Mas nem sempre me consigo concentrar nos livros. Há sempre aquela semana em que conseguimos ler todos os dias e ficamos entusiasmados mas depois esquecemo-nos do livro e já nem vale a pena recomeçar. Por isso é que sou doida por revistas, de todos os tipos, assuntos e formatos. Uma revista pode-se ler em uma ou duas horas mas fica para a eternidade. Se no mês seguinte me apetecer ler de novo aquela história que me marcou, tenho uma outra experiência de leitura bastante prazerosa e que não demora semanas a ler.

 

Ora se geralmente quando preciso de ler alguma coisa, compro sempre uma revista de moda, como a Elle Portugal, mas às vezes uma pessoa tem de se virar para coisas mais "sérias". E depois de meses a ler ou a Time ou a The Economist, decidi mudar de ares e comprei a Marketeer e a Executive's Digest, a última muito pela capa e pelo preço convidativo. É preciso incentivar a imprensa e os negócios portugueses e quem diria que até eram uma boa leitura?
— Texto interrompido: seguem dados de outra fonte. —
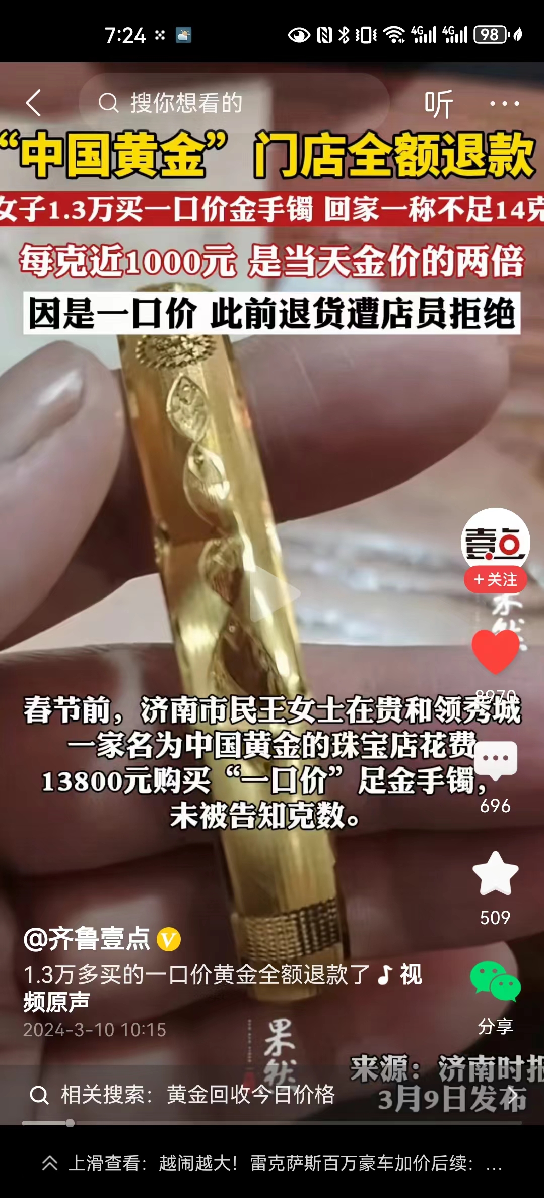 但是山东济南这位消费者碰到的这家金店,他的做法可一点不规范。他只标注了一个总的价格,没有标明黄金克数,这也是导致最终在工商部门的协调下全额退款的重要原因。另外一口价的硬金产品应该来说质量要过关,但是他们所做的这个金手镯出现了变形扭曲,其实它的中间是空的,那么也就是说也出现了质量问题,自然也需要退货了。

Para finalizar, a minha melhor amiga/irmã gémea/a minha alma, de seu nome música, está sempre comigo todos os dias. Nas últimas semanas, temos dado importância a James Bay - porque ele é um senhor fantástico que pegou numa guitarra e criou um álbum com sons simples mas letras profundas. Nem todos conseguem dominar esta arte, mas este senhor fá-lo na perfeição. Di-vi-no!

 

Ficam aqui as sugestões, se tiverem algumas, sintam-se à vontade de as dizer, que eu ando sempre à procura de novas revistas e novos livros para me esquecer deles na secretária.